Consider the sequence $b_{-1},b_0,b_1,\dots,b_n$ defined by $b_{-1}=0$ and $b_i = a_0 \oplus a_1 \oplus \dots \oplus a_i$. Now your problem is equivalent to asking for the value that appears most frequently, out of all of the values $b_i \oplus b_j$ with $i<j$.

Let $x \in \mathbb{N}^{2^b}$ be the characteristic vector of $b_{-1},b_0,\dots,b_n$. In other words, $x_v$ is equal to the number of times that $v$ appears in the values $b_{-1},b_0,\dots,b_n$; or, equivalently, $x_v = \#\{i : -1 \le i \le n, b_i = v\}$.

Let $y \in \mathbb{N}^{2^b}$ be the characteristic vector of $\{b_i \oplus b_j : i<j\}$. In other words, $y_v$ is equal to the number of times that $v$ appears in the values $b_i \oplus b_j$; or, equivalently, $y_v = \#\{(i,j) : -1 \le i < j \le n, b_i \oplus b_j = v\}$.
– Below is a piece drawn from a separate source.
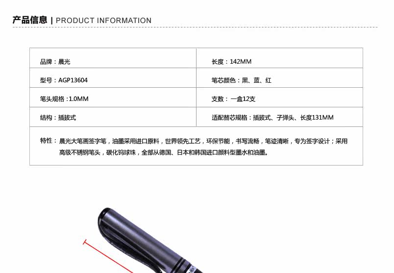 📚 晨光AGP13604笔芯7007中性笔1.0mm大笔画签字笔大容量AGR67017

We see that $y = x * x$, i.e., $y$ is the convolution of $x$ with itself:

$$y_v = \sum_u x_u x_{u \oplus v}.$$

This convolution can be computed using a discrete Fourier transform on the group $(\mathbb{Z}/2\mathbb{Z})^b$. We find

$$y = \mathcal{F}^{-1}(\mathcal{F}(x)^2),$$

where here $\mathcal{F}$ is the Fourier transform and $\mathcal{F}^{-1}$ is the inverse Fourier transform.

Moreover, there is a fast Fourier transform (FFT) for this group. The FFT can be computed in $O(N \lg N)$ time, on sequences of length $N$. Here $N=2^b$, since the characteristic vector has length $2^b$, so the running time to compute $\mathcal{F}$ and $\mathcal{F}^{-1}$ is $O(b 2^b)$.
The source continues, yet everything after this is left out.